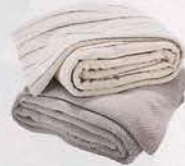
MADE-IN-MAINE COTTON BLANKETS , from $264 each; evangelinelines.com
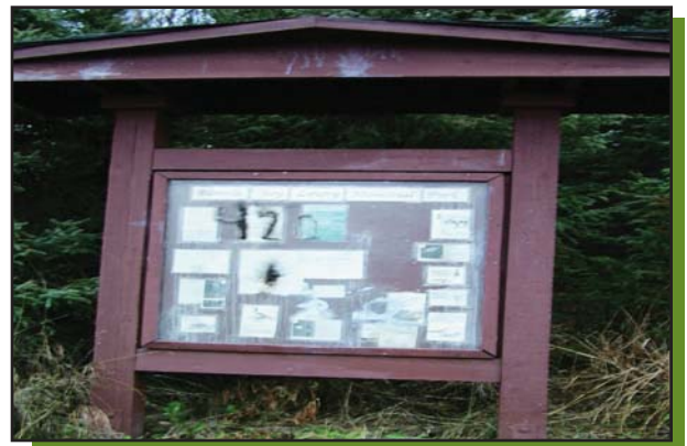
The neighborhood is concerned about usefulness of the kiosk in the park
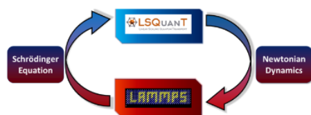
Fig. 1. Schematic representation of the self-consistency cycle for the atomistic simulation of coupled charge and ion dynamics

In this talk, we present our development of a numerical simulation tool that can capture the dynamics of hot carriers in graphene with arbitrary lattice vibrations, defects, and disorder. Our methods are linear-scaling, meaning we can simulate systems with millions of atoms – this permits an atomic description of the system while allowing for system sizes that approach the experimental scale. Such a tool will allow for a deeper fundamental understanding of hot carrier dynamics in graphene, as well as reveal strategies for the control of such dynamics, with an eye toward future applications in photodetection, optical communications, and energy conversion.
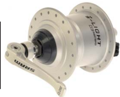
SRAM i-LIGHT D3 series
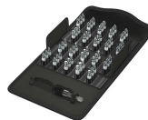
Bit-Safe 61 Wood 1 05057442001 1 x 61 pieces 05057442001 1 x 61 pieces 05057442001 1 x 61 pieces 05057442001 1 x 61 pieces
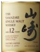
Yamazaki 12 yr
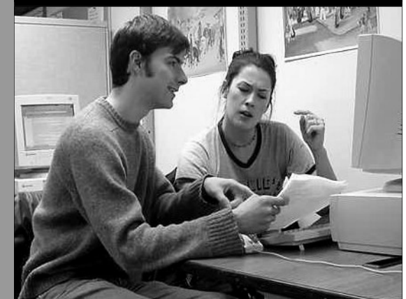
So should I move this whole section?
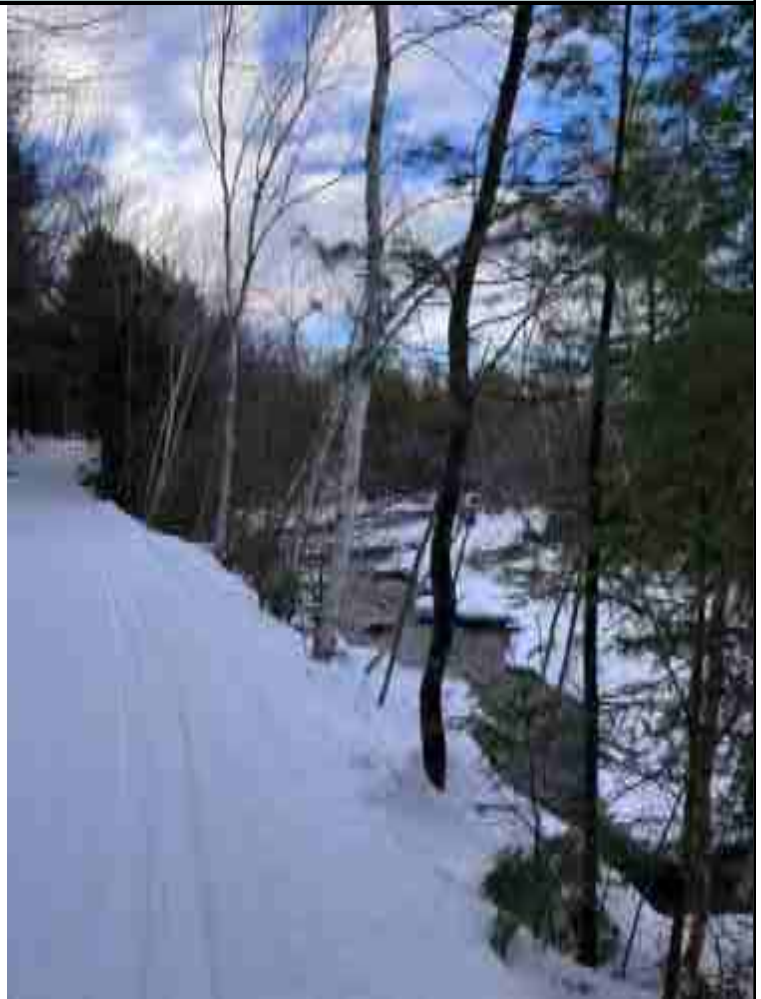
Ellis River Trail, Jackson

Saturday I went out at sunrise and skied
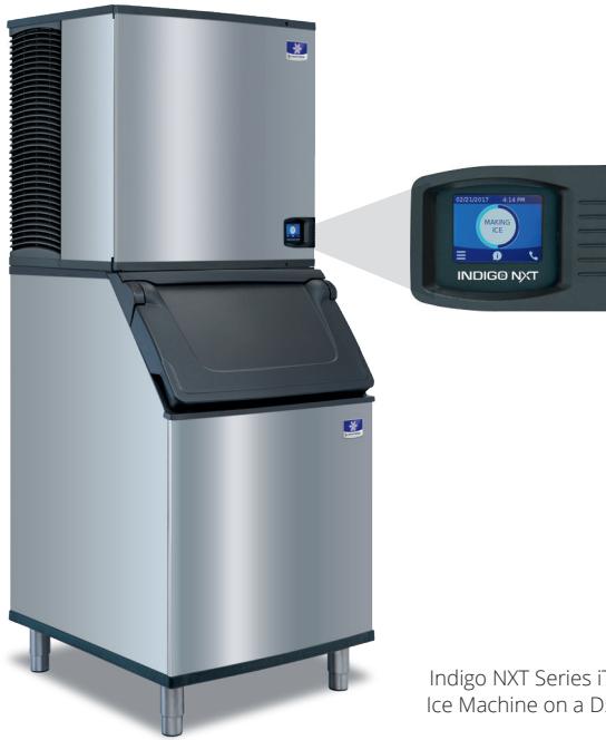
Indigo NXT Series iT0900 Ice Machine on a D570 Bin

Model: IRT0900A IYT0900A IDT0900A IRT0900W
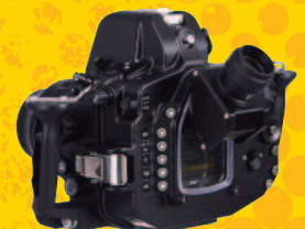
With the VF45 1.2x mounted
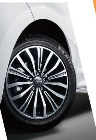
17-inch MICHELIN PRIMACY 4 Tyres

With various powerful electronic functions, the shark fin antenna is a perfect combination of fashion and functionality.

*Task instructions*
Each line from the one containing "Yamazaki 12 yr" through the last line of the entries above is to be extracted exactly. Pictures are not part of the copy.

*Result of this task*
Yamazaki 12 yr
So should I move this whole section?
Ellis River Trail, Jackson

Saturday I went out at sunrise and skied
Indigo NXT Series iT0900 Ice Machine on a D570 Bin

Model: IRT0900A IYT0900A IDT0900A IRT0900W
With the VF45 1.2x mounted
17-inch MICHELIN PRIMACY 4 Tyres

With various powerful electronic functions, the shark fin antenna is a perfect combination of fashion and functionality.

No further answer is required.